Босх утверждал обратное. Но это не значит, что он не был христианином. Он лишь констатировал сегодняшнюю победу зла.
Любое утверждение – на фоне многочисленных исследований в отношении антихристианских взглядов Босха – следует делать с осторожностью. Рассуждая о Мемлинге, Босхе, Брейгеле, Леонардо, мы постоянно должны помнить, что имеем дело с крупными мыслителями, сопоставимыми с самыми значительными схоластами/философами своего времени. Однажды Поль Валери, утомленный беседой с Эдгаром Дега, в которой он был вынужден признать интеллектуальное поражение, написал, что следует остерегаться бесед с художниками: по мнению Валери, часы, проведенные в молчании у мольберта, способствуют культивированию интеллектуального знания, тогда как писатель растрачивает себя вербально. Вряд ли наблюдение Валери касается спонтанных художников, наподобие Поллока или Сая Твомбли; но что касается Иеронима Босха и Леонардо, это, безусловно, верно.
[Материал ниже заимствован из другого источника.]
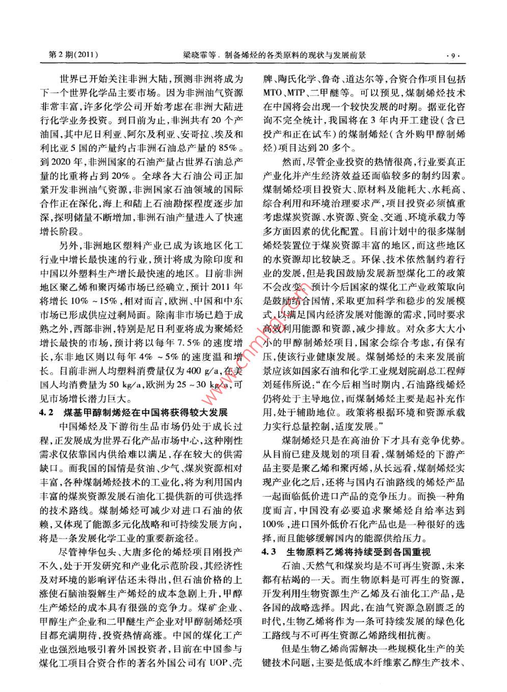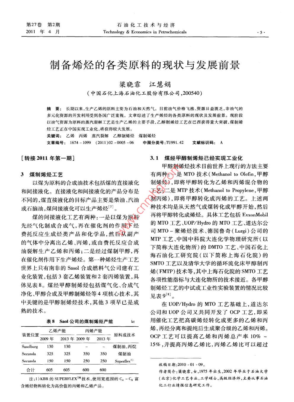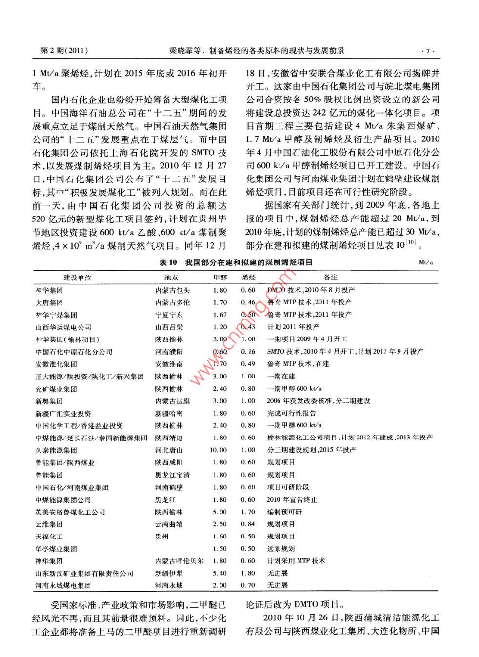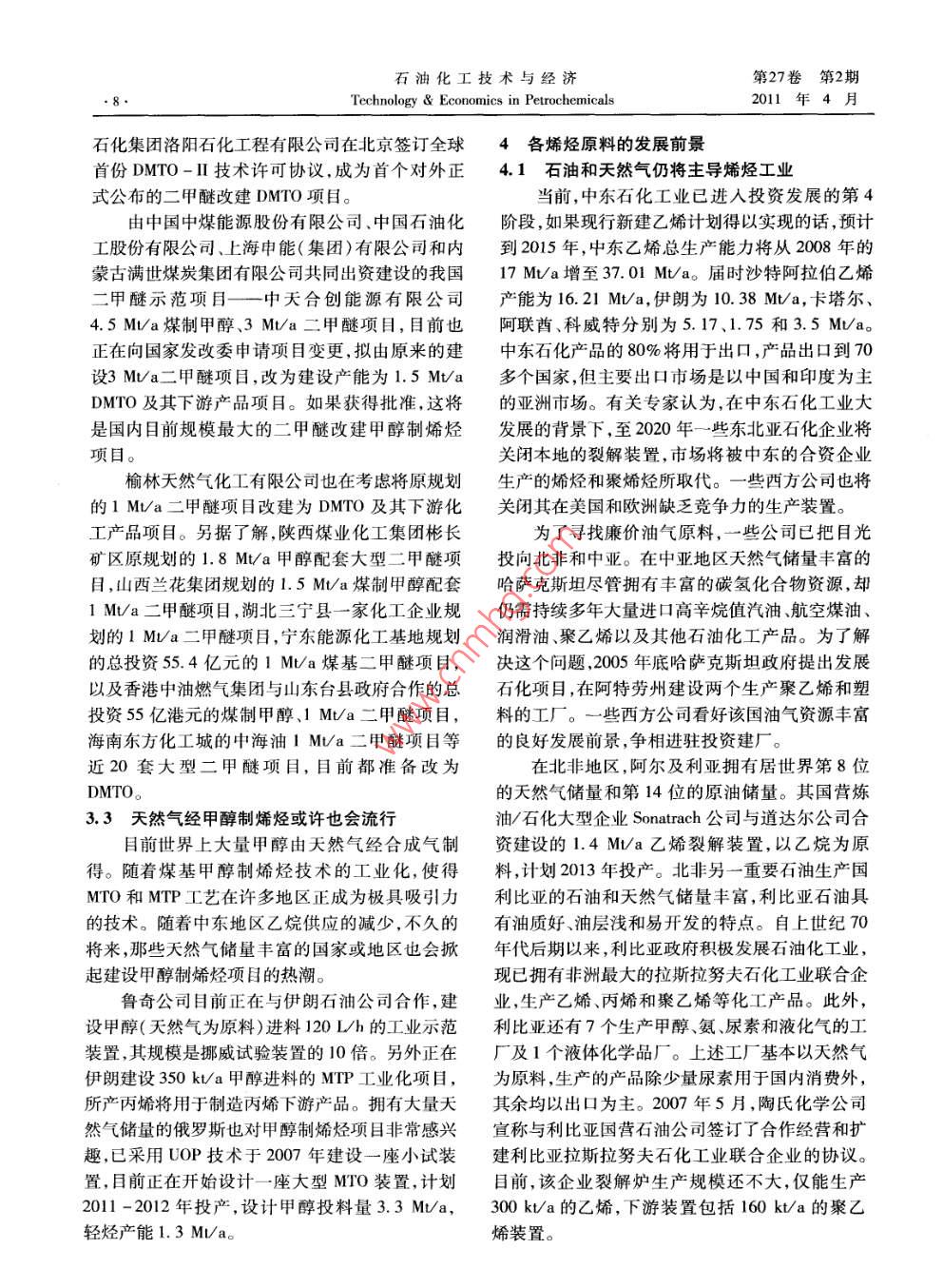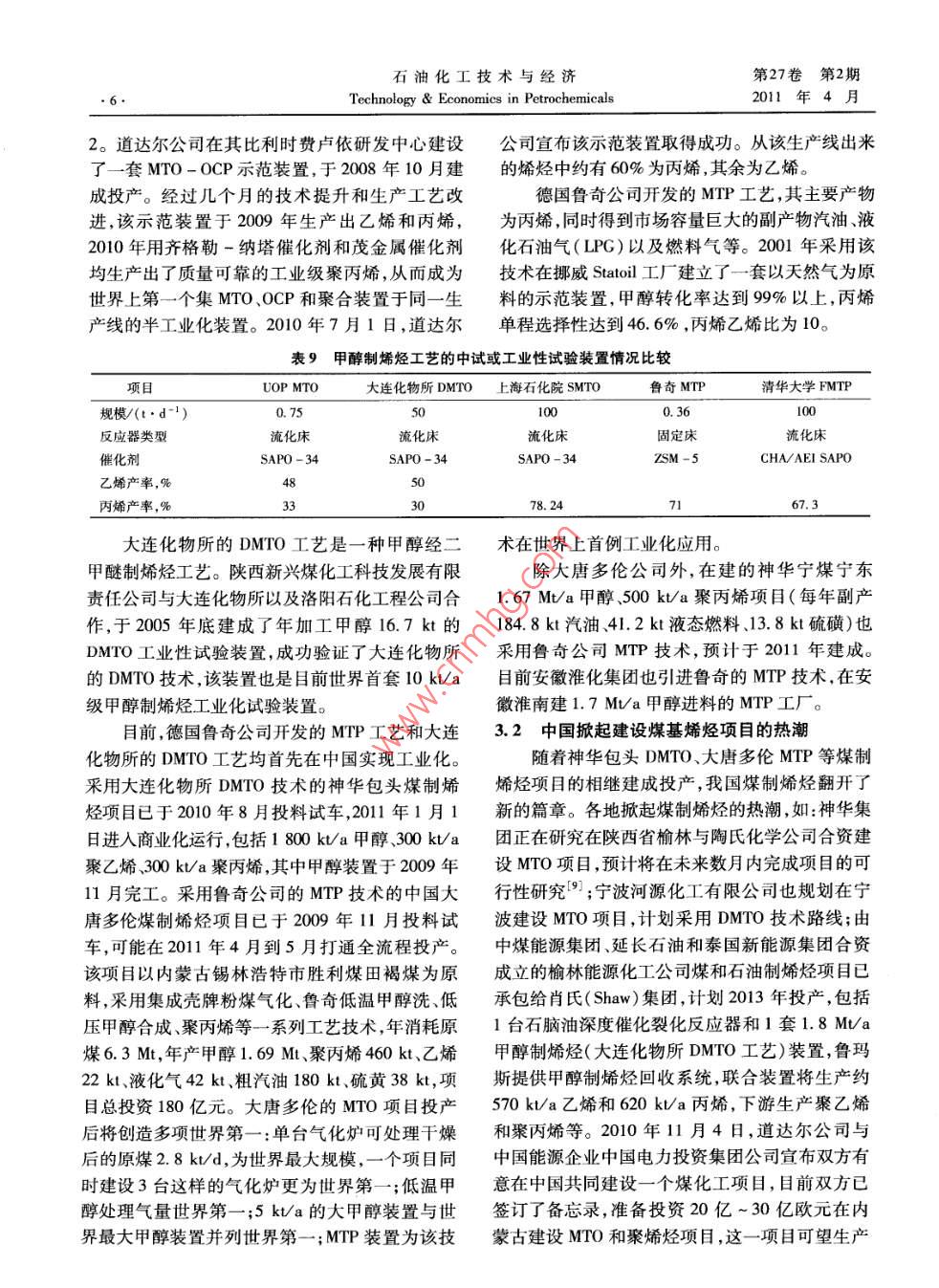 石油化工技術(shù)與經(jīng)濟(jì)第27卷第2期.6.Technology & Economics in Petrochemicals2011 年4月2。道達(dá)爾公司在其比利時(shí)費(fèi)盧依研發(fā)中心建設(shè)公司宣布該示范裝置取得成功。從該生產(chǎn)線出來了-套MTO-0CP示范裝置,于2008年10月建的烯烴中約有60%為丙烯,其余為乙烯。成投產(chǎn)。經(jīng)過幾個(gè)月的技術(shù)提升和生產(chǎn)工藝改德國魯奇公司開發(fā)的MTP工藝,其主要產(chǎn)物進(jìn),該示范裝置于2009年生產(chǎn)出乙烯和丙烯,為丙烯,同時(shí)得到市場(chǎng)容量巨大的副產(chǎn)物汽油、液2010年用齊格勒-納塔催化劑和茂金屬催化劑化石油氣(LPG)以及燃料氣等。2001年采用該均生產(chǎn)出了質(zhì)量可靠的工業(yè)級(jí)聚丙烯,從而成為技術(shù)在挪威Statoil工廠建立了- -套以天然氣為原世界.上第- -個(gè)集MTO ,0CP和聚合裝置于同一生料的示范裝置,甲醇轉(zhuǎn)化率達(dá)到99%以上,丙烯產(chǎn)線的半工業(yè)化裝置。2010年7月1日,道達(dá)爾單程選擇性達(dá)到46. 6% ,丙烯乙烯比為10。表9甲醇制烯烴工藝的 中試或工業(yè)性試驗(yàn)裝置情況比較項(xiàng)目.UOP MTO大連化物所DMTO上海石化院 SMTO魯奇MTP清華大學(xué)FMTP規(guī)模/(t.d-1)0.75100.36100反應(yīng)器類型流化床固定床催化劑SAP0 -34SAPO -34ZSM-5CHA/AEI SAPO乙烯產(chǎn)率,%50丙烯產(chǎn)率,%3330大連化物所的DMTO工藝是- .種甲醇經(jīng)二術(shù) 在世界上首例工業(yè)化應(yīng)用。甲醚制烯烴工藝。陜西新興煤化工科技發(fā)展有限除大唐多倫公司外,在建的神華寧煤寧東責(zé)任公司與大連化物所以及洛陽石化工程公司合1.67 Mt/a甲醇、500 kVa聚丙烯項(xiàng)目(每年副產(chǎn)作,于2005年底建成了年加工甲醇16.7 kt的184. 8 kt汽油、41.2 kt液態(tài)燃料.13.8 kt硫磺)也DMTO工業(yè)性試驗(yàn)裝置,成功驗(yàn)證了大連化物所采用魯奇公司MTP技術(shù),預(yù)計(jì)于2011年建成。的DMTO技術(shù),該裝置也是目前世界首套10 k/a目前安徽淮化集團(tuán)也引進(jìn)魯奇的MTP技術(shù),在安級(jí)甲醇制烯烴工業(yè)化試驗(yàn)裝置?;栈茨辖?.7 MU/a甲醇進(jìn)料的MTP工廠。目前,德國魯奇公司開發(fā)的MTP工藝和大連3.2中國掀起建 設(shè)煤基烯烴項(xiàng)目的熱潮化物所的DMTO工藝均首先在中國實(shí)現(xiàn)工業(yè)化。隨著神華包頭DMTO、大唐多倫MTP等煤制采用大連化物所DMTO技術(shù)的神華包頭煤制烯烯烴項(xiàng)目的相繼建成投產(chǎn),我國煤制烯烴翻開了烴項(xiàng)目已于2010年8月投料試車,2011年1月1新的篇章。 各地掀起煤制烯烴的熱潮,如:神華集日進(jìn)人商業(yè)化運(yùn)行,包括1800 kt/a 甲醇、300 kt/a團(tuán)正在研究在陜西省榆林與陶氏化學(xué)公司合資建聚乙烯、300 kt/a聚丙烯,其中甲醇裝置于2009年設(shè)MTO項(xiàng)目,預(yù)計(jì)將在未來數(shù)月內(nèi)完成項(xiàng)目的可11月完工。采用魯奇公司的MTP技術(shù)的中國大行性研究[9];寧波河源化工有限公司也規(guī)劃在寧唐多倫煤制烯烴項(xiàng)目已于2009年11月投料試波建設(shè)MTO項(xiàng)目,計(jì)劃采用DMTO技術(shù)路線;由車,可能在2011年4月到5月打通全流程投產(chǎn)。中煤能源集團(tuán)、延長(zhǎng)石油和泰國新能源集團(tuán)合資該項(xiàng)目以內(nèi)蒙古錫林浩特市勝利煤田褐煤為原成立的榆林能源化工公司煤和石油制烯烴項(xiàng)目已料,采用集成殼牌粉煤氣化、魯奇低溫甲醇洗、低承包給肖氏( Shaw)集團(tuán),計(jì)劃2013年投產(chǎn),包括壓甲醇合成、聚丙烯等一系列工藝技術(shù),年消耗原1臺(tái)石腦油深度催化裂化反應(yīng)器和1套1.8 MVa煤6.3 Mt,年產(chǎn)甲醇1.69 Mt、聚丙烯460 kt,乙烯甲醇制烯烴(大連化物所DMTO工藝)裝置,魯瑪22 kt、液化氣42 kt、粗汽油180 kt、硫黃38 kt,項(xiàng)斯提供甲醇制烯烴回收系統(tǒng),聯(lián)合裝置將生產(chǎn)約目總投資180億元。大唐多倫的MTO項(xiàng)目投產(chǎn)570 kt/a乙烯和620 kt/a丙烯,下游生產(chǎn)聚乙烯后將創(chuàng)造多項(xiàng)世界第--:單臺(tái)氣化爐可處理干燥和聚丙烯等。2010年11月4日,道達(dá)爾公司與后的原煤2.8 kt/d,為世界最大規(guī)模,-一個(gè)項(xiàng)目同中國能源企業(yè)中國電力投資集團(tuán)公司宣布雙方有時(shí)建設(shè)3臺(tái)這樣的氣化爐更為世界第- -;低溫甲意在中國共同建設(shè)一個(gè)煤化工項(xiàng)目,目前雙方已.醇處理氣量世界第- -;5 kt/a的大甲醇裝置與世簽訂了備忘錄,準(zhǔn)備投資20億~ 30億歐元在內(nèi)界最大甲醇裝置并列世界第--;MTP裝置為該技蒙古建設(shè)MTO和聚烯烴項(xiàng)目,這一-項(xiàng)目可望生產(chǎn)第2期(2011)梁曉罪等,制備烯烴的各類原料的現(xiàn)狀與發(fā)展前景.7.1MU/a聚烯烴,計(jì)劃在2015年底或2016年初開18日,安徽省中安聯(lián)合煤業(yè)化工有限公司揭牌并車。開工。這家由中國石化集團(tuán)公司與皖北煤電集團(tuán)國內(nèi)石化企業(yè)也紛紛開始籌備大型煤化工項(xiàng)公司合資按各50%股權(quán)比例出資設(shè)立的新公司目。中國海洋石油總公司在“十二五”期間的發(fā)將建設(shè)總投資達(dá)242億元的煤化- -體化項(xiàng)目。項(xiàng)展重點(diǎn)立足于煤制天然氣。中國石油天然氣集團(tuán)目首期工程主要包括建設(shè)4 Mt/a 朱集西煤礦、公司的“十二五”發(fā)展重點(diǎn)在于煤層氣。而中國1.7 Mt/a甲醇

Это люди в высшей степени рефлективные, интеллектуальные и более того – гениальные. Нет ни малейших сомнений в том, что всякая деталь в их произведениях продуманна. Но это даже не главное. Главным, вероятно, является то, что Босх, как и Леонардо, – будучи человеком уникальным в своем понимании мира, вряд ли мог принять как догму религиозную конфессию, причем любую конфессию. Ересь Босха (а на таковую часто указывают, связывая мастера с катаризмом) заключается не в том, что он променял одну догму на другую, а в том, что он не принял и не мог принять никакую догму вообще: он верил в Дух, а не в букву. Наивно полагать, что изощренный мозг Босха или Леонардо мог бы принять некую коллективную программу убеждений. Променять католицизм на религию катаров – не значит ли это сменить одну идеологию на другую? Вообразить скептика Леонардо, заинтересовавшегося Кальвином, или Босха, следующего за Лютером, – нереально.
Определить позицию Босха требуется не через принадлежность к конфессии, но через то очевидное обстоятельство, что Босх был гуманистом. И это определение нуждается в дополнительном толковании.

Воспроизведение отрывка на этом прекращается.